- Developer: BluMiAl Studios
- Publisher: Lexicon Entertainment
- Release: WW: 2008;

= Aurora: The Secret Within =

2008 video game

Aurora: The Secret Within is a 2008 adventure game developed by Italian company BluMiAl Studio and published by Lexicon Entertainment.

== Production ==
Italian development company BluMiAl Studio was founded by Michel Palucci and Alessio Restaino; Aurora was their debut project. The game was designed in the Adventure Maker program.

The game was originally promised for the summer of 2007. In addition, a Russian-language version to be released in Russia, the CIS countries and the Baltics was projected for December 2007. On March 13, 2008, Aurora: The Secret Within hit gold status and was set for a release date of April 25, 2008. The game was released by Tri Synergy in North America.

== Plot and gameplay ==
The plot revolves about the UFO crash at Roswell. A detective, named Pileggi, has been called in to investigate the disappearance of a farmer.

The game is a point and click adventure game from the perspective of the main characters. The game's style and theme bow to the Tex Murphy series. Players navigate in the style of Myst.

== Critical reception ==
Prior to release, Adventure Archiv was fascinated how the developers would have brought a new spin to the oft-adapted story of Roswell.

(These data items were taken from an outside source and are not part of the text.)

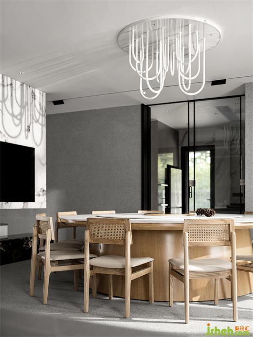 會所設計以平凡的材料構建不平凡的空間。整體空間大量運用素雅的天然白麻,客餐廳區(qū)沒有過多繁瑣造型,給人以平靜休憩之感。樓梯過道區(qū)造型張揚,但卻被麻石的屬性賦予空間一分含蓄,平易近人也不乏氣場。Build extraordinary space with ordinary materials. The overall space uses a large number of elegant natural white linen, and there is no too tedious shape in the dining room area, giving people a sense of calmness. The stairway the aisle area is full of shape, but it is given a subtlety space by the attributes of Mashi, and it is also easy to be in the field.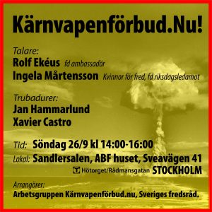 55 stater har nu ratificerat FN:s konvention som förbjuder kärnvapen, vilket blev lag i FN-systemet i januari. Tyvärr hör Sverige inte till dessa fast Sverige var med om att lansera konventionen i FN och har en stark tradition av motstånd mot kärnvapen och tillit till FN. Flera opinionsundersökningar har visat att en stor majoritet vill att Sverige ansluter sig. Det är också klarlagt att FN-konventionen inte strider mot ickespridningsavtalet och det tillhörande Stockholmsinitiativet.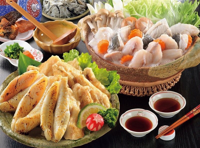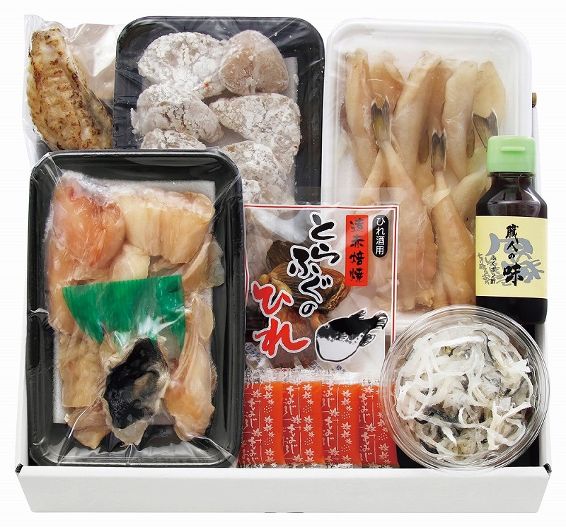 <セット内容> ふくちり200g(シロサバフグ切身・トラフグアラ 各100g)、ふぐ唐揚げ(骨付)200g、ふぐ一夜干し150g、ふぐたたき1本、とらふぐ皮60g、とらふぐ焼ヒレ5g(ポン酢・もみじおろし付)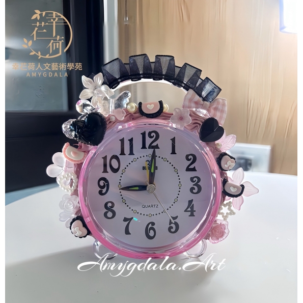 在這堂 奶油膠鬧鐘手作課程中,學員可以用柔軟細緻的奶油膠,自由擠出喜歡的造型,搭配各式可愛配件,打造專屬於自己的夢幻鬧鐘。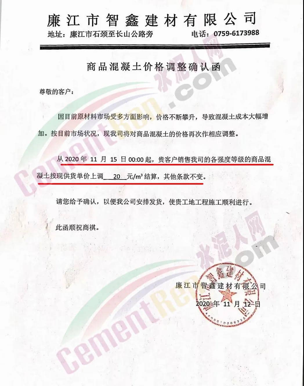 廉江市智鑫建材有限公司通知,因目前原材料市場(chǎng)受多方面影響,價(jià)格不斷攀升,導(dǎo)致混凝土成本大幅增加。按目前市場(chǎng)狀況,公司對(duì)商品混凝土的價(jià)格再次作相應(yīng)調(diào)整。從2020年11月15日0時(shí)起,公司各強(qiáng)度等級(jí)的商品混凝土按現(xiàn)供貨價(jià)格上調(diào)20元/方結(jié)算,其他條款不變。
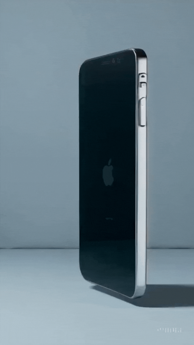 Create a 10-second product demo video of a new iPhone-style smartphone rotating on a pure white background with soft studio shadows.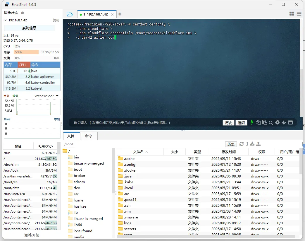 certbot certonly \ --dns-cloudflare \ --dns-cloudflare-credentials /root/secrets/cloudflare.ini \ -d dev42.axfier.com
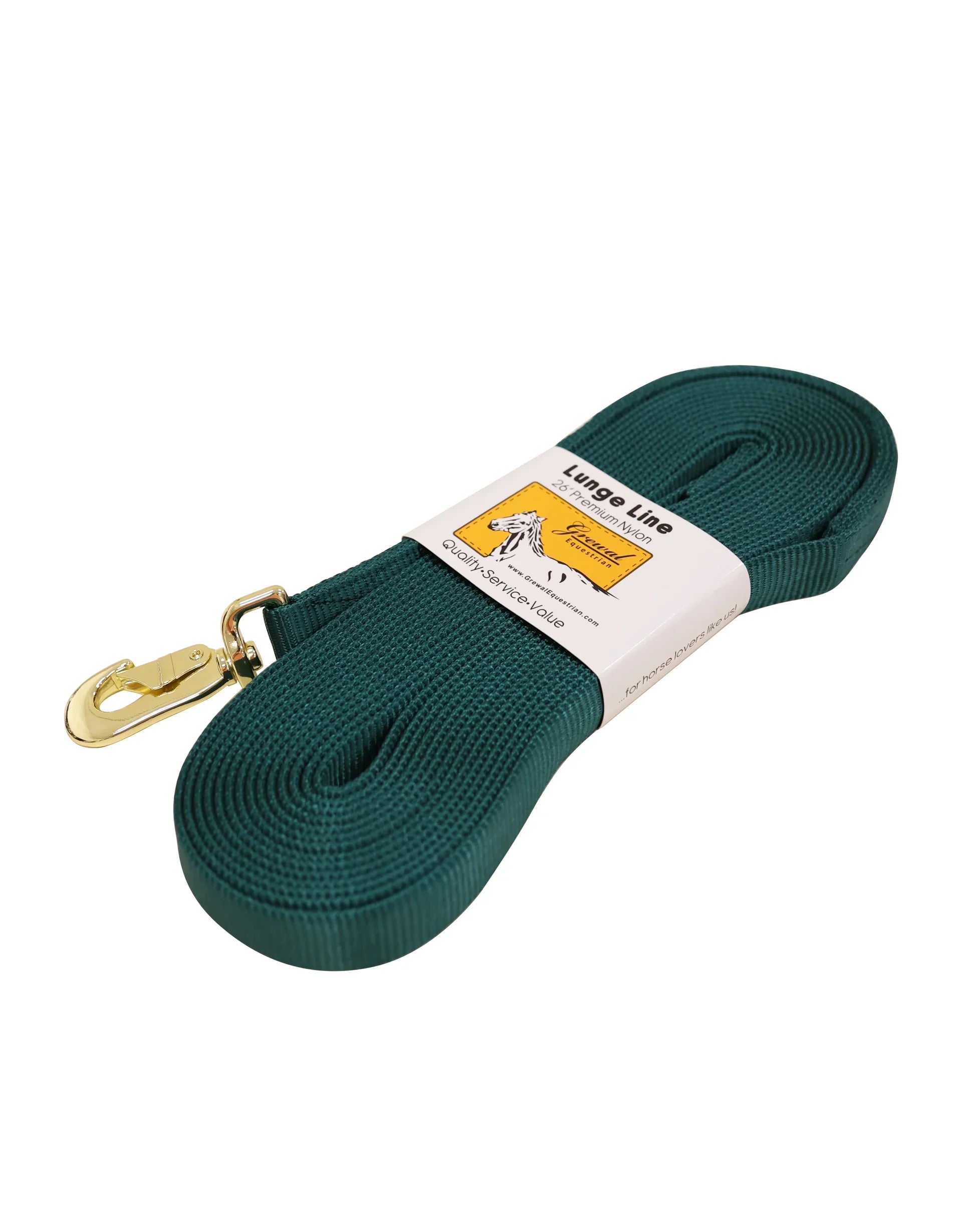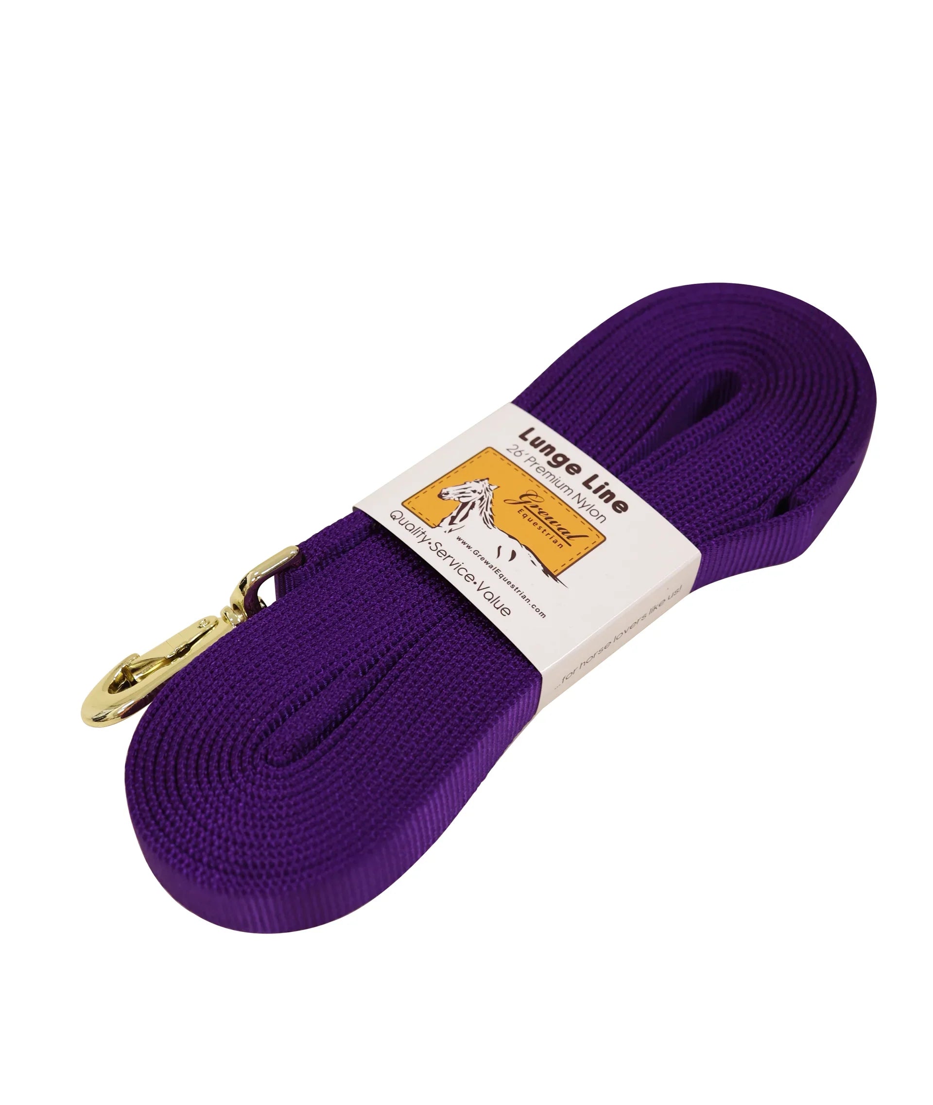 Our nylon lunge lines are made with 1" durable nylon webbing that provides a comfortable grip. Measuring 26' in length, lunge lines are essential for exercising your horse between rides and working with young horses that are not yet trained to saddle and bridle.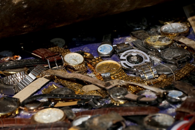 ➤ 216 chiếc đồng hồ giả thu gom từ chương trình “Thẩm định đồng hồ” đã bị tiêu hủy bằng cách xe lu cán qua.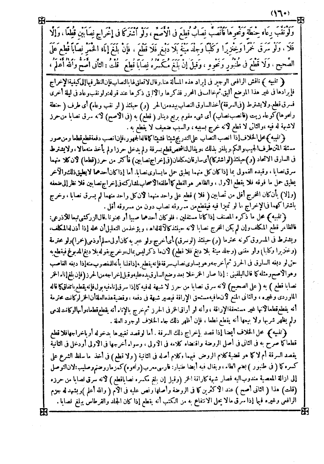 تنبيه محل الخلاف أيضا إذا قصد بإخراج ذلك السرقة أما لو قصد تغييرها بدخوله أو بإخراجها فلا قطع قطعا كما صرح به في الثاني في أصل الروضة واقتضاه كلامه في الأولى وسواء أخرجها في الأولى أو دخل في الثانية يقصد السرقة أم لا كما هو قضية كلام الروض فيهما وكلام أصله في الثانية ( ولا قطع ) في أخذ ما سلط الشرع على كسره كما ( في طنبور ) بضم الطاء ويقال فيه أيضا طنبار فارسي معرب ( ونحوه ) كمزمار وصنم وصليب لأن التوصل إلى إزالة المعصية مندوب إليه فصار شبهة كإراقة الخمر ( وقيل إن بلغ مكسره نصابا قطع ) لأنه سرق نصابا من حرزه ( قلت ) هذا ( الثاني أصح ) عند الأكثرين كما في الروضة وأصلها ونص عليه في الأم ( والله أعلم ) ويشهد له جزم الرافعي وغيره فيما إذا سرق ما لا يحل الانتفاع به من الكتب أنه يقطع إذا كان الجلد والقرطاس يبلغ نصابا
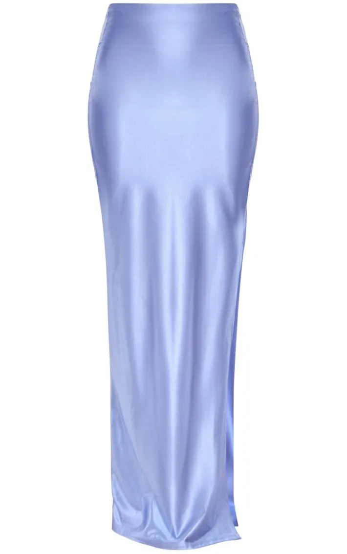 Add a touch of luxe into your new season wardrobe with this dusty blue stretch satin split side maxi skirt, it is perfect for your next upcoming occasion and beyond. This skirt features a dusty blue stretch satin material with a split side design and a maxi length, we’re seriously obsessed. Pair with a corset top, heels and hoop earrings for a look everyone will want.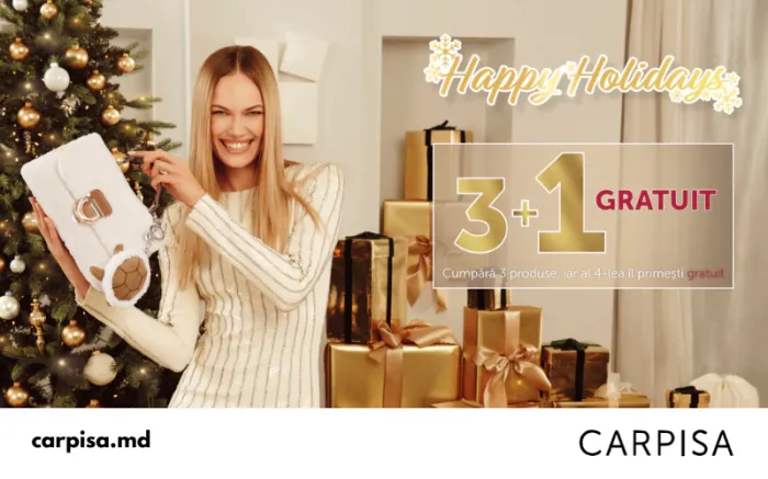 În ajun de Crăciun, când căutarea cadoului potrivit poate deveni o adevărată provocare, CARPISA vine cu o soluție simplă, practică și avantajoasă: promoția 3+1 gratuit. Cumperi trei produse din orice categorie, iar al patrulea îl primești CADOU. Promoția este valabilă la întreaga gamă de produse, atât în magazine, cât și online, inclusiv pentru toate modelele de valize.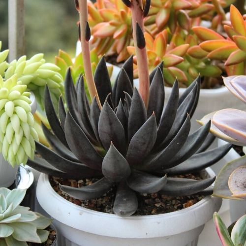 São chamadas de suculentas pretas, ou suculentas negras, as espécies dessas plantas que possuem folhas em tons de roxo-escuro ou de preto. Além da beleza clássica desse tipo de planta, elas se destacam por causa da cor, que é incomum de se ver. Veja alguns exemplos, que podem ser encontradas para cultivo em lojas on-line de mudas.

Technopolis felt the game came across as amateurish. Adventure Classic Gaming thought the game's confused localization - half in English and half in Italian was a great hindrance to its enjoyment from players. Adventure Archiv described the title as a fair debut independent release, and encouraged the development team to keep working on their talents. Adventure Planet thought the game was an "absolutely artisanal, experimental product" made by two people on no budget, though appreciated their audacity. Adventure Treff discouraged the game even to adventure fans.

The game was "hugely successful in Europe and Asia".